QueryPlanner 是SparkPlanner的基类，定义了一系列的关键点，如Strategy，planLater和apply。

abstract class QueryPlanner[PhysicalPlan <: TreeNode[PhysicalPlan]] {  
  /** A list of execution strategies that can be used by the planner */  
  def strategies: Seq[Strategy]  
  
  /** 
   * Given a [[plans.logical.LogicalPlan LogicalPlan]], returns a list of `PhysicalPlan`s that can 
   * be used for execution. If this strategy does not apply to the give logical operation then an 
   * empty list should be returned. 
   */  
  abstract protected class Strategy extends Logging {  
    def apply(plan: LogicalPlan): Seq[PhysicalPlan]  //接受一个logical plan，返回Seq[PhysicalPlan]  
  }  
  
  /** 
   * Returns a placeholder for a physical plan that executes `plan`. This placeholder will be 
   * filled in automatically by the QueryPlanner using the other execution strategies that are 
   * available. 
   */  
  protected def planLater(plan: LogicalPlan) = apply(plan).next()
 //返回一个占位符，占位符会自动被QueryPlanner用其它的strategies apply  
  
  def apply(plan: LogicalPlan): Iterator[PhysicalPlan] = {  
    // Obviously a lot to do here still...  
    val iter = strategies.view.flatMap(_(plan)).toIterator 
//整合所有的Strategy，_(plan)每个Strategy应用plan上，
得到所有Strategies执行完后生成的所有Physical Plan的集合，一个iter  
    assert(iter.hasNext, s"No plan for $plan")  
    iter //返回所有物理计划  
  }  
}

继承关系：

二、Spark Plan

Spark Plan是Catalyst里经过所有Strategies apply 的最终的物理执行计划的抽象类，它只是用来执行spark job的。

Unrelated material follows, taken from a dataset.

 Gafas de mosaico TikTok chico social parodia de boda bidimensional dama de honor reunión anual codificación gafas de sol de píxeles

lazy val executedPlan: SparkPlan = prepareForExecution(sparkPlan)

prepareForExecution其实是一个RuleExecutor[SparkPlan]，当然这里的Rule就是SparkPlan了。

@transient  
 protected[sql] val prepareForExecution = new RuleExecutor[SparkPlan] {  
   val batches =  
     Batch("Add exchange", Once, AddExchange(self)) :: //添加shuffler操作如果必要的话  
     Batch("Prepare Expressions", Once, new BindReferences[SparkPlan]) :: Nil //Bind references  
 }

Spark Plan继承Query Plan[Spark Plan]，里面定义的partition，requiredChildDistribution以及spark sql启动执行的execute方法。

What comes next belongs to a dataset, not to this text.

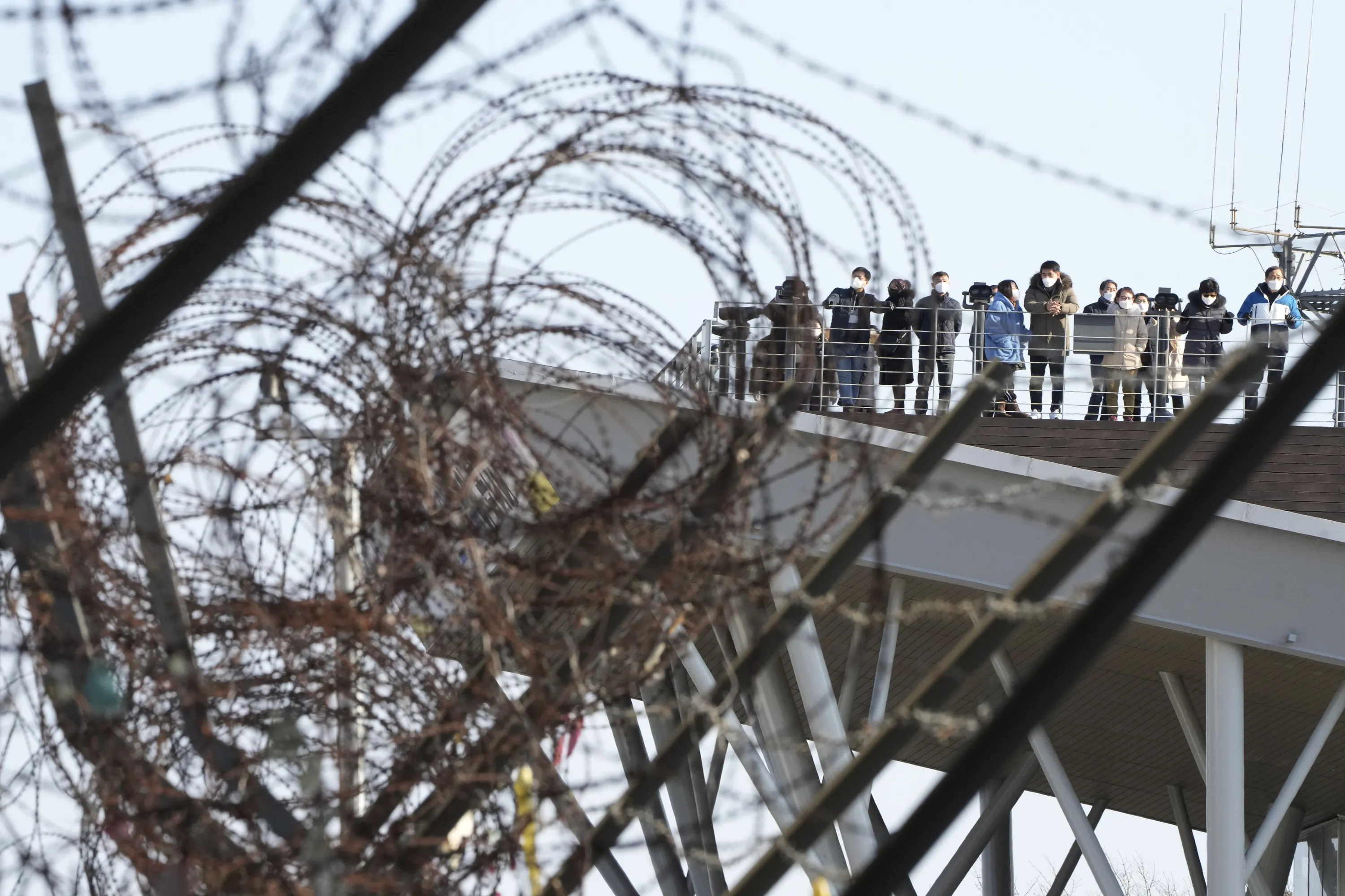 People watch the North Korean side as they visit to celebrate New Year at Imjingak Pavilion in Paju, near the border with North Korea, South Korea, Saturday, January 1, 2022. (Photo by Ahn Young-joon/AP Photo)

abstract class SparkPlan extends QueryPlan[SparkPlan] with Logging {  
  self: Product =>  
  
  // TODO: Move to `DistributedPlan`  
  /** Specifies how data is partitioned across different nodes in the cluster. */  
  def outputPartitioning: Partitioning = UnknownPartitioning(0) // TODO: WRONG WIDTH!  
  /** Specifies any partition requirements on the input data for this operator. */  
  def requiredChildDistribution: Seq[Distribution] =  
    Seq.fill(children.size)(UnspecifiedDistribution)  
  
  /** 
   * Runs this query returning the result as an RDD. 
   */  
  def execute(): RDD[Row]  //真正执行查询的方法execute，返回的是一个RDD  
  
  /** 
   * Runs this query returning the result as an array. 
   */  
  def executeCollect(): Array[Row] = execute().map(_.copy()).collect() //exe & collect  
  
  protected def buildRow(values: Seq[Any]): Row =  //根据当前的值，生成Row对象，其实是一个封装了Array的对象。  
    new GenericRow(values.toArray)  
}

关于Spark Plan的继承关系，如图：

三、Strategies

Strategy，注意这里Strategy是在execution包下的，在SparkPlanner里定义了目前的几种策略：

LeftSemiJoin、HashJoin、PartialAggregation、BroadcastNestedLoopJoin、CartesianProduct、TakeOrdered、ParquetOperations、InMemoryScans、BasicOperators、CommandStrategy

3.1、LeftSemiJoin

Join分为好几种类型：

case object Inner extends JoinType  
case object LeftOuter extends JoinType  
case object RightOuter extends JoinType  
case object FullOuter extends JoinType  
case object LeftSemi extends JoinType

如果Logical Plan里的Join是joinType为LeftSemi的话，就会执行这种策略，这里ExtractEquiJoinKeys是一个pattern定义在patterns.scala里，主要是做模式匹配用的。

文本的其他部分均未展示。